Esmé also discussed the fundamental role that the intersection of race, gender, sexuality, and other social identifiers play, something that has become a common theme in our high school feminism class. The mere fact that I am a girl means that I am denied many rights and privileges that men have. However, no one is defined by their gender, race, sexuality, or class alone. We are a combination of all of our social identities, and all of these identities factor into how likely we are to be bullied. For example, girls are twice as likely, and LGBTQ youth are four times as likely than boys to be bullied in US schools. This is yet another disturbing, but unsurprising, statistic that needs to be changed.
Being an upstander, as opposed to a bystander, is crucial to make change and put an end to bullying. Another important strategy is to form non-discriminatory safe environments in schools, and to make clear that bullying is unacceptable.
The next to speak on the panel was Annie, an inspiring young activist who founded an organization called FIERCE, which addresses and works to end violence against women and girls. The organization raises awareness, changes attitudes, encourages people to “think outside the box,” and question their gender expectations and stereotypes, and gets young people involved in the fight against gender-based violence.

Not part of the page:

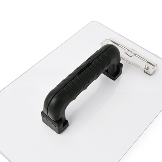 グリップを開いた時の厚さは約30mmと薄くなり、リュックやビジネスバッグに簡単に収納・携帯が可能になります。また車のドアポケットや警官の自転車の後部箱にも収納が可能なサイズとなっています。その他、事務所や店舗の防犯用品としても場所を取らないコンパクトなシールドに仕上げています。

Annie stressed the importance of taking action: “We should never be discouraged. It is within our means to stop gender-based violence. It does not matter if it is in the classroom or on the streets, every action goes a long way.” Annie stressed how essential it is to create platforms where young girl activists can find support to start their own campaigns.
The final girl activist to speak was Kisma, who discussed the issue of school pushout, practices in schools that push students, typically members of oppressed groups, out of school, and often into the juvenile and criminal justice systems. Students that face racism, classism, and other forms of oppression in their daily lives should be able to see school as a safe space where they feel encouraged. Instead, many schools treat members students of color and queer youth (including queer youth of color) like criminals, giving them harsh and unfair punishments. As a result, these students to view school as a safe environment and do not feel motivated.
Kisma explained that in order to end to school pushout, we need to raise awareness, increase the number of guidance counselors and mediators in public schools, and stop expecting students to fit a certain standard.
One thing that all these incredible activists made clear is that in order to fight violence against women, “we need to question gender expectations, not try to live up to them.”